[Start of section]
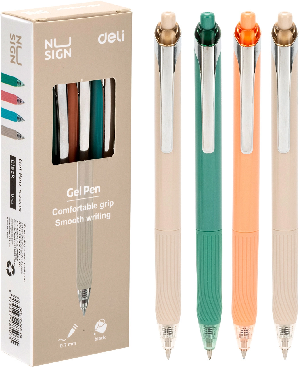 Ручка гелев. автоматическая Deli Nusign ENS666-BK ассорти черн. черн. линия 0.7мм резин. манжета (продается кратно 8 шт.)
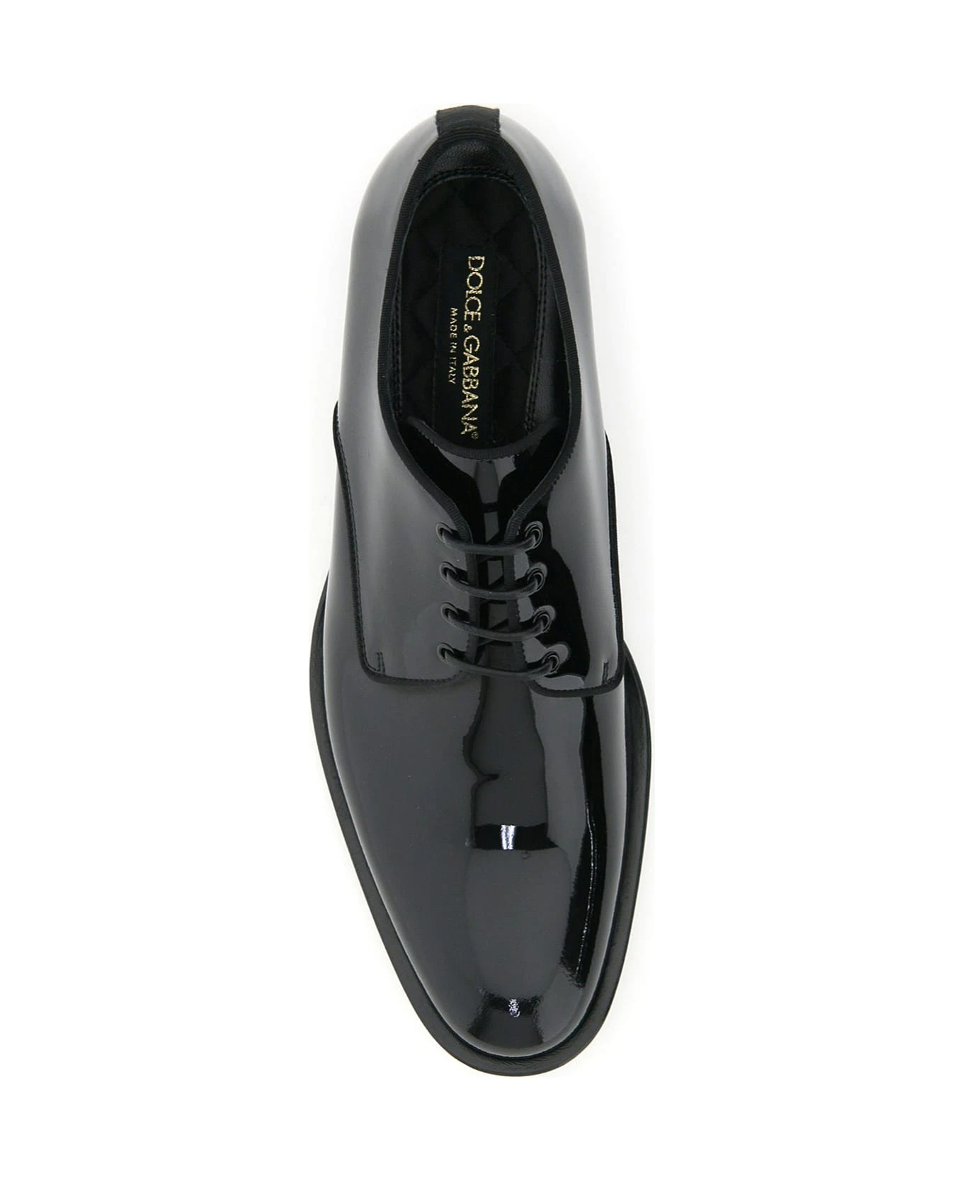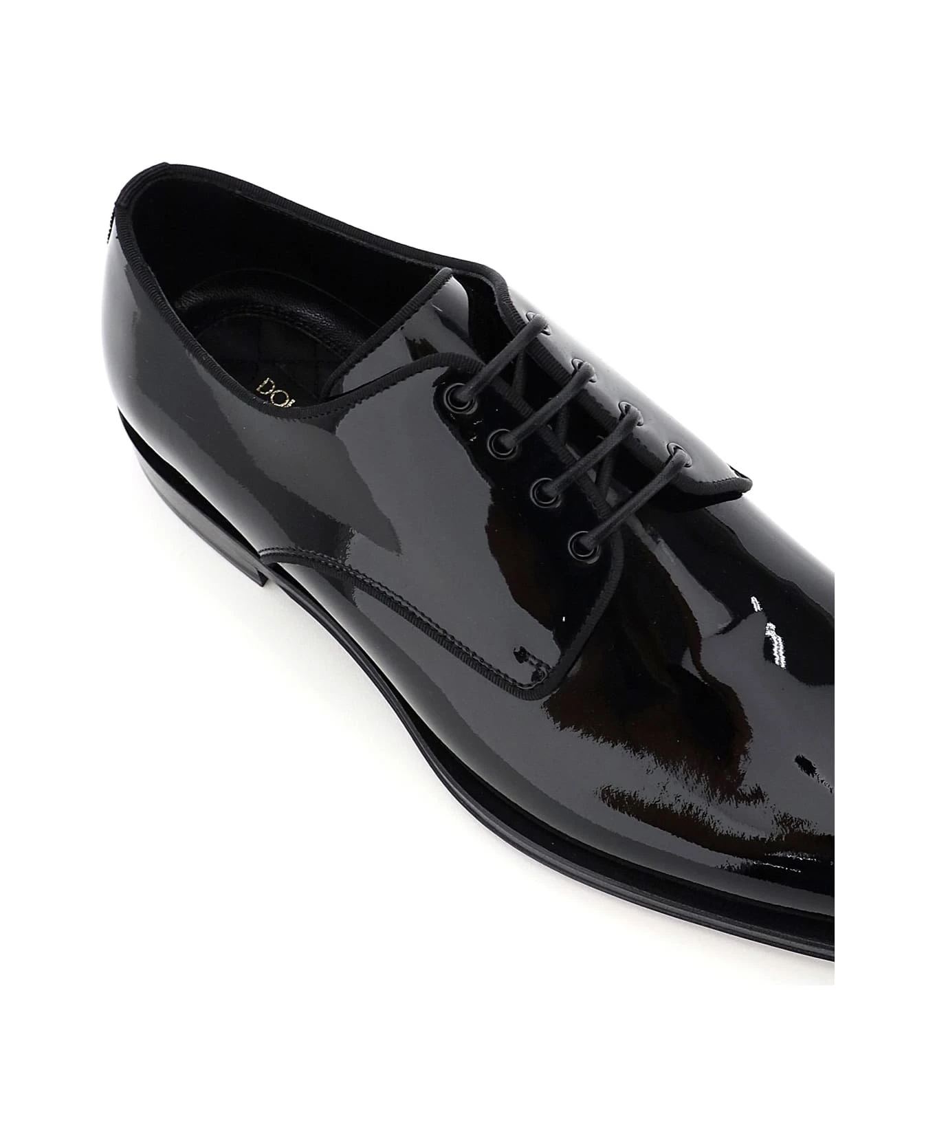Dolce & Gabbana patent Derby lace-ups with grosgrain hems and back detail. Leather and contrast quilted satin lining, leather sole. Extra laces included.
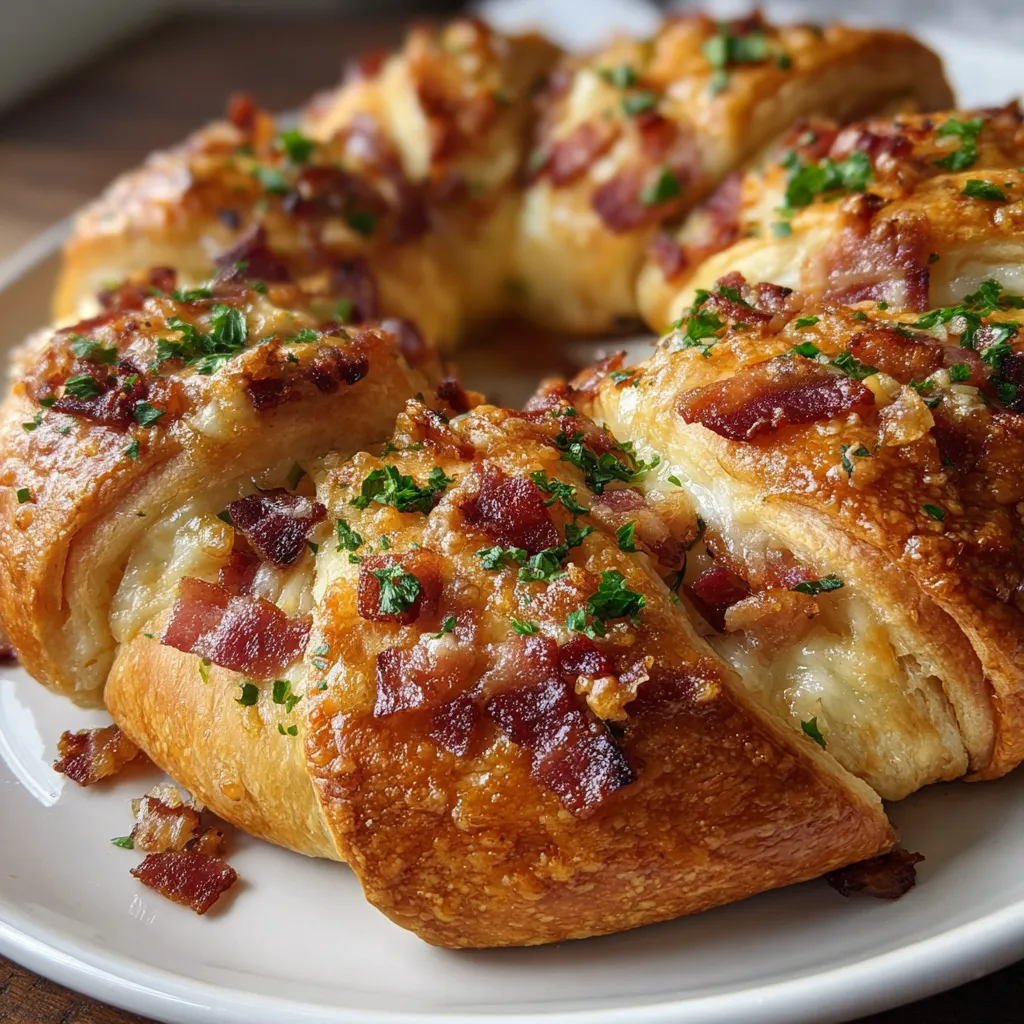 A crisp, golden wreath of buttery crescent dough bursting with gooey Brie, savory bacon bits, and crunchy walnuts. A whisper of honey and fresh parsley adds sweet and herbal notes, perfect for gatherings or holiday tables.
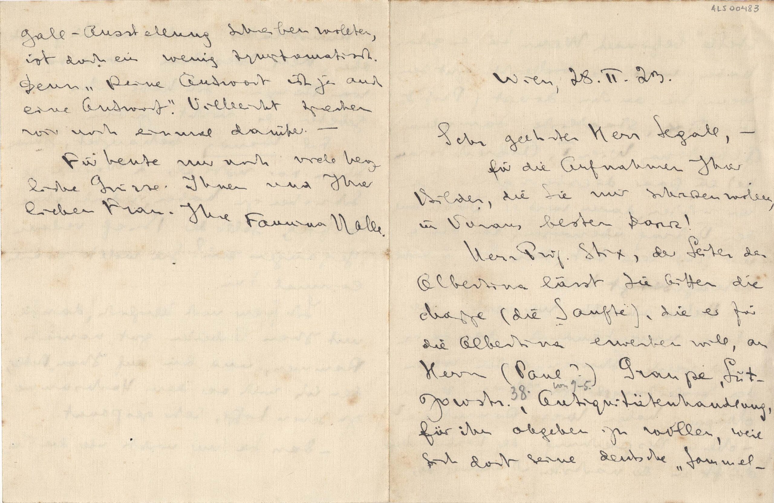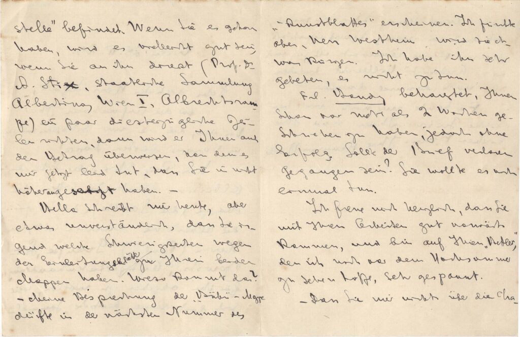 Contato manifestando interesse, por parte do prof. Alfred Stix, de obter gravuras de Segall para a coleção do Museu Albertina, de Viena
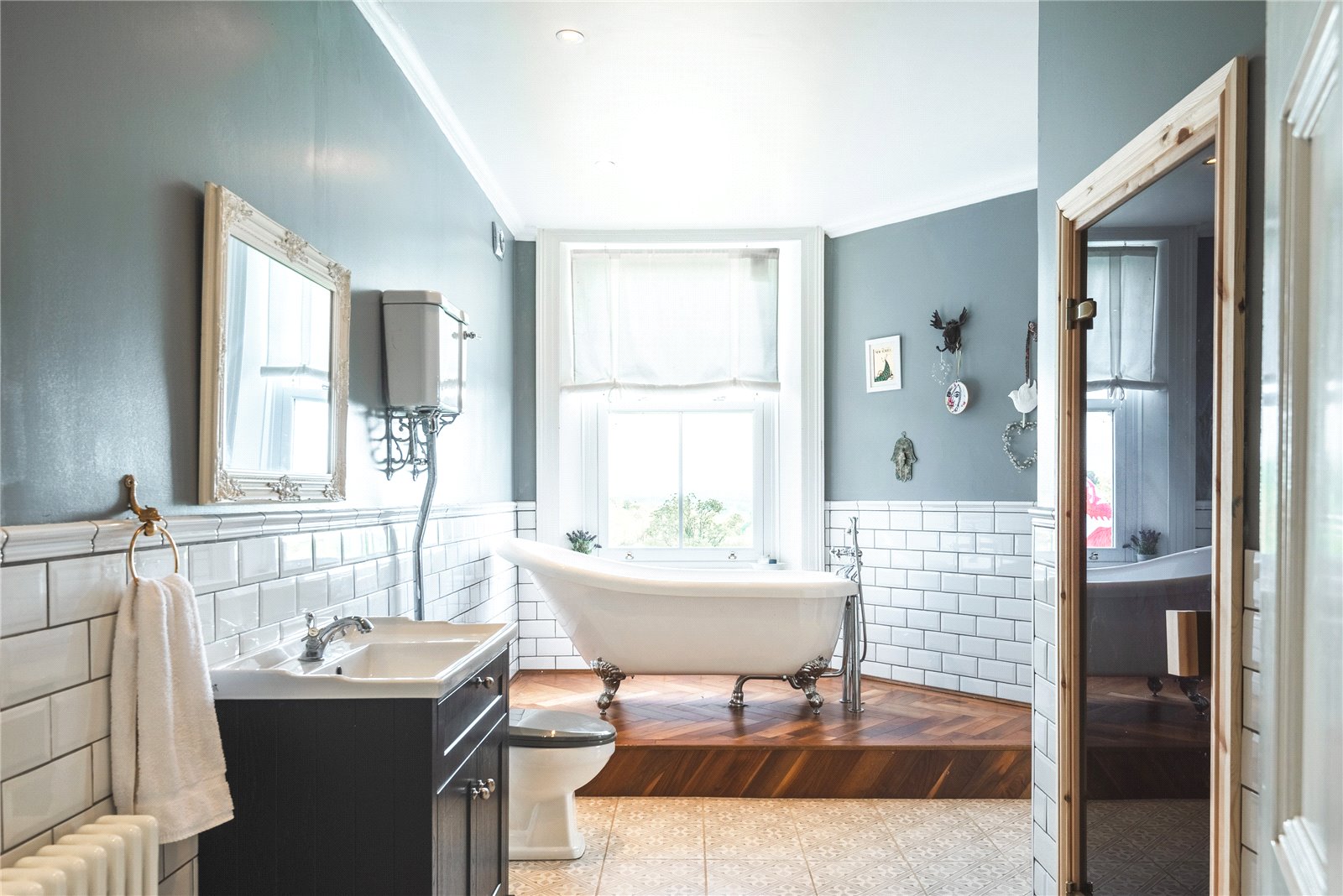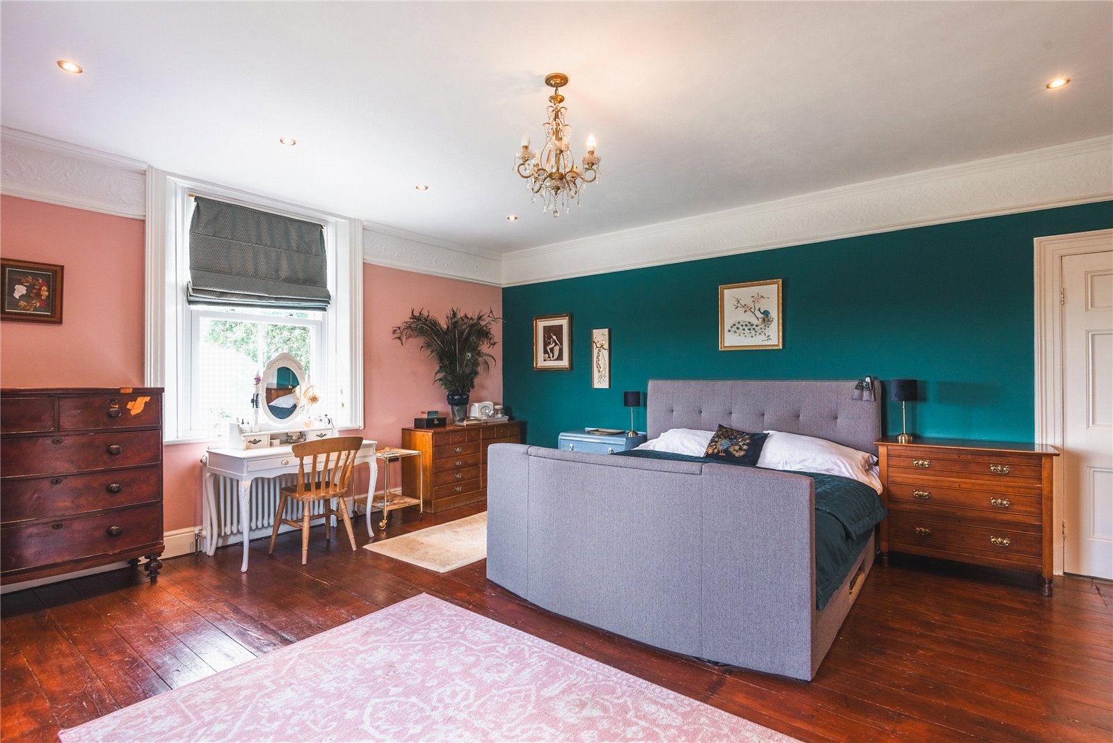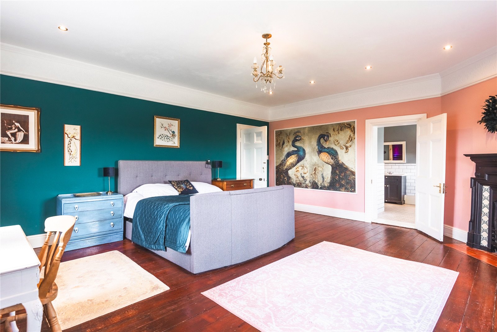 Ascending to the first floor, the landing space, adorned with a chandelier, provides access to six magnificent double bedrooms and the integral two-bedroom apartment. The grand main bedroom offers superb views through the front and side sash windows. It features an immaculate en suite Jack and Jill family bathroom, equipped with a luxurious roll-top bath with a view, a walk-in rain shower, a relaxing sauna, a WC, and a vanity unit. The remaining five double bedrooms on this floor each have their unique decor and charm. Bedrooms three and six are especially popular with B&B guests, as they each have en suite shower rooms.
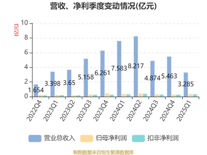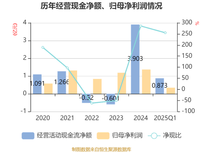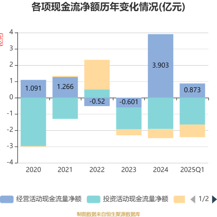 截至2025年一季度末,公司经营活动现金流净额为8733.74万元,同比增加1.1亿元;筹资活动现金流净额-7798.74万元,同比减少1.55亿元;投资活动现金流净额-1.65亿元,上年同期为140.74万元。
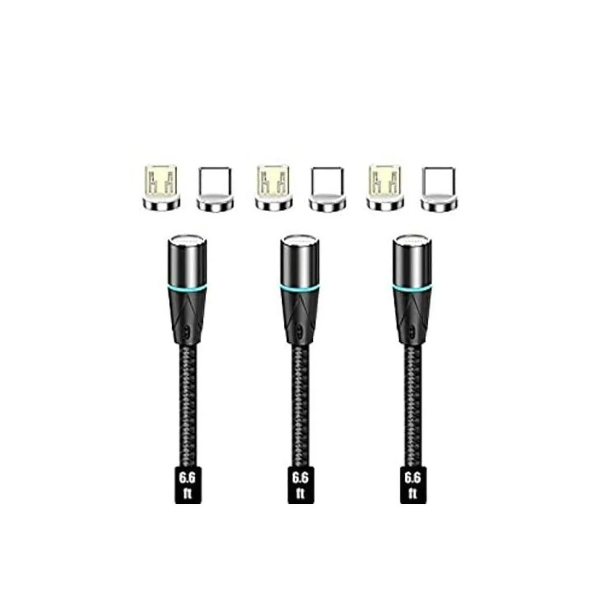 NetDot Gen12 Micro USB y USBC 6.6 pies, 3 unidades negras Cable magnético de transferencia de datos de carga rápida compatible con dispositivo Android
[End of section]
* **Instructions for the task**:
In the copy, every entry must appear exactly as written, and no picture may appear.

* **Expected output**:
 Ручка гелев. автоматическая Deli Nusign ENS666-BK ассорти черн. черн. линия 0.7мм резин. манжета (продается кратно 8 шт.)
Dolce & Gabbana patent Derby lace-ups with grosgrain hems and back detail. Leather and contrast quilted satin lining, leather sole. Extra laces included.
 A crisp, golden wreath of buttery crescent dough bursting with gooey Brie, savory bacon bits, and crunchy walnuts. A whisper of honey and fresh parsley adds sweet and herbal notes, perfect for gatherings or holiday tables.
 Contato manifestando interesse, por parte do prof. Alfred Stix, de obter gravuras de Segall para a coleção do Museu Albertina, de Viena
 Ascending to the first floor, the landing space, adorned with a chandelier, provides access to six magnificent double bedrooms and the integral two-bedroom apartment. The grand main bedroom offers superb views through the front and side sash windows. It features an immaculate en suite Jack and Jill family bathroom, equipped with a luxurious roll-top bath with a view, a walk-in rain shower, a relaxing sauna, a WC, and a vanity unit. The remaining five double bedrooms on this floor each have their unique decor and charm. Bedrooms three and six are especially popular with B&B guests, as they each have en suite shower rooms.
 截至2025年一季度末,公司经营活动现金流净额为8733.74万元,同比增加1.1亿元;筹资活动现金流净额-7798.74万元,同比减少1.55亿元;投资活动现金流净额-1.65亿元,上年同期为140.74万元。
 NetDot Gen12 Micro USB y USBC 6.6 pies, 3 unidades negras Cable magnético de transferencia de datos de carga rápida compatible con dispositivo Android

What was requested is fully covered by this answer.